Reputation: 127
I am working with sklearn and pandas and my prediction is coming out as an array without the right id, which has been set as the index.
My code:
train = train.set_index('activity_id')
test = test.set_index('activity_id')
y_train = train['outcome']
x_train = train.drop('people_id', axis=1)
x_test = test
model = DecisionTreeClassifier(min_samples_leaf=100)
model.fit(x_train,y_train)
scores = cross_val_score(model, x_train,y_train, cv=10)
print('mean: {:.3f} (std: {:.3f})'.format(scores.mean(), scores.std()), end='\n\n')

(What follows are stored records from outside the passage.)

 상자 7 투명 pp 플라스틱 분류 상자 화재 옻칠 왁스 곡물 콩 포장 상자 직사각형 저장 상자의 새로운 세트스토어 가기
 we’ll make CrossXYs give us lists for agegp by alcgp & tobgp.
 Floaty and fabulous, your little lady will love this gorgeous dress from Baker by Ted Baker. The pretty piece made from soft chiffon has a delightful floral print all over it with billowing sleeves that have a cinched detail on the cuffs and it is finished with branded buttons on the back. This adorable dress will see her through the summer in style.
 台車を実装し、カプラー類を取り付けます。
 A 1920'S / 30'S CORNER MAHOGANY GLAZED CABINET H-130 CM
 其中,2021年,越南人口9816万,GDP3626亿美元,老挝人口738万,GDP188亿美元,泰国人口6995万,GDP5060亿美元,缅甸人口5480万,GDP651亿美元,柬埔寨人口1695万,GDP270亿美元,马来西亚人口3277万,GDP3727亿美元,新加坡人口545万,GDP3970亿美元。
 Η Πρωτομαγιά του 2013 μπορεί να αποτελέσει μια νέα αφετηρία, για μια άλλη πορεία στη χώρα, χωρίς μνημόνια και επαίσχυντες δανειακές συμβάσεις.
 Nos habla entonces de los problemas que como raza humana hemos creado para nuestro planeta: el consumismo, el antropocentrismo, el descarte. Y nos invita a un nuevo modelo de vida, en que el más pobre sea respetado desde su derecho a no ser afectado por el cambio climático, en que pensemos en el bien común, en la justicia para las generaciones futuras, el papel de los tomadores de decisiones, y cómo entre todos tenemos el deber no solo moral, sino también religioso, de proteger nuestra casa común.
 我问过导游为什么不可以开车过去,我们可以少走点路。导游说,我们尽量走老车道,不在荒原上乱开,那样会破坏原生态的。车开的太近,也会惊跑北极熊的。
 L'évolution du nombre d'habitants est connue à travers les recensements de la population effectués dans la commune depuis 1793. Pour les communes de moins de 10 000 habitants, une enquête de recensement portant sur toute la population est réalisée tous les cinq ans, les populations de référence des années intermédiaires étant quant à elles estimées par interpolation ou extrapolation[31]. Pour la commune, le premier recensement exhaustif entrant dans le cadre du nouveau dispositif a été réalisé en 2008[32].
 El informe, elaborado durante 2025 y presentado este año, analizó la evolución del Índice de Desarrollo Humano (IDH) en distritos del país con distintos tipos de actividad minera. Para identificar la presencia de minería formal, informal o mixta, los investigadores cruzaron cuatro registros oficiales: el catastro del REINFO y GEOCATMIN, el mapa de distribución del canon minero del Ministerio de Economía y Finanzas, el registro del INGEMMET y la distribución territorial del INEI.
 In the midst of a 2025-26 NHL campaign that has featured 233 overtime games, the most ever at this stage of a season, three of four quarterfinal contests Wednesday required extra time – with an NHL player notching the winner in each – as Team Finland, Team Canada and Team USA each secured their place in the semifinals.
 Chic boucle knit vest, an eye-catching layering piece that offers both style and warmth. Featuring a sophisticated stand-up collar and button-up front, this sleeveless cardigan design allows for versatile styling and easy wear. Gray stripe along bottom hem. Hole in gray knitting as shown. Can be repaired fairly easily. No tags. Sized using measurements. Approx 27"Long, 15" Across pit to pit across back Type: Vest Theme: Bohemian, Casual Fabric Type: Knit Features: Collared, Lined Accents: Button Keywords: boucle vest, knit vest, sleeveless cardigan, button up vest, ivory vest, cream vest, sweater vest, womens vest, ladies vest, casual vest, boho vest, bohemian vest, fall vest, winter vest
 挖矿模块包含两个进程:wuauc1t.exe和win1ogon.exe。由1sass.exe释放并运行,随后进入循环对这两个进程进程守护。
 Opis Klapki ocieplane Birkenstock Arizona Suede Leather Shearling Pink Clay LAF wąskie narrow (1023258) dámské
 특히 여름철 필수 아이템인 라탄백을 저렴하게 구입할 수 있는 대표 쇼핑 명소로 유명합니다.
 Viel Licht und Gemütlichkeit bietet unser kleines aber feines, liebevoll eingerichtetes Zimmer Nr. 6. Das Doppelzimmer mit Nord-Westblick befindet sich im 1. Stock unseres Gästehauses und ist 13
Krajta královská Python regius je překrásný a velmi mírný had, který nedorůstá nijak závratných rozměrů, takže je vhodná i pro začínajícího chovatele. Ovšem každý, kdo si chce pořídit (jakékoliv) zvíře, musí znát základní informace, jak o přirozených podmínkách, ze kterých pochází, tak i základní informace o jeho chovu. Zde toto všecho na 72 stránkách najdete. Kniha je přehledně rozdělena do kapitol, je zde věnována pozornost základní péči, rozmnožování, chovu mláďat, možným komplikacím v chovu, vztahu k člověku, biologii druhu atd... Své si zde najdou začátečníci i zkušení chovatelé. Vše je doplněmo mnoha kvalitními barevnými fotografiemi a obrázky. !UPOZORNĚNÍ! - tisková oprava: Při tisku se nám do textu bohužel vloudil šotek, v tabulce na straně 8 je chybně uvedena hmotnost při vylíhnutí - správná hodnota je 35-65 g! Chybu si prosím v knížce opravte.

print(model.score(x_train,y_train))
#make predictions
y_pred = model.predict(x_test)
Any thoughts on how i can get them to print out with the right activity_id list? Thanks!
Upvotes: 0
Views: 912
Reputation: 4744
From what you have written I believe you are trying to show your index for x_test next to the y_pred values generated by x_test.
This can be done by turning the numpy array output from model.predict(x_test)
into a DataFrame. Then we can set the index of the new DataFrame to be the same as that of x_test
.
Here is an example,
df_pred = pd.DataFrame(y_pred, index=x_test.index, columns=['y_pred'])
Upvotes: 1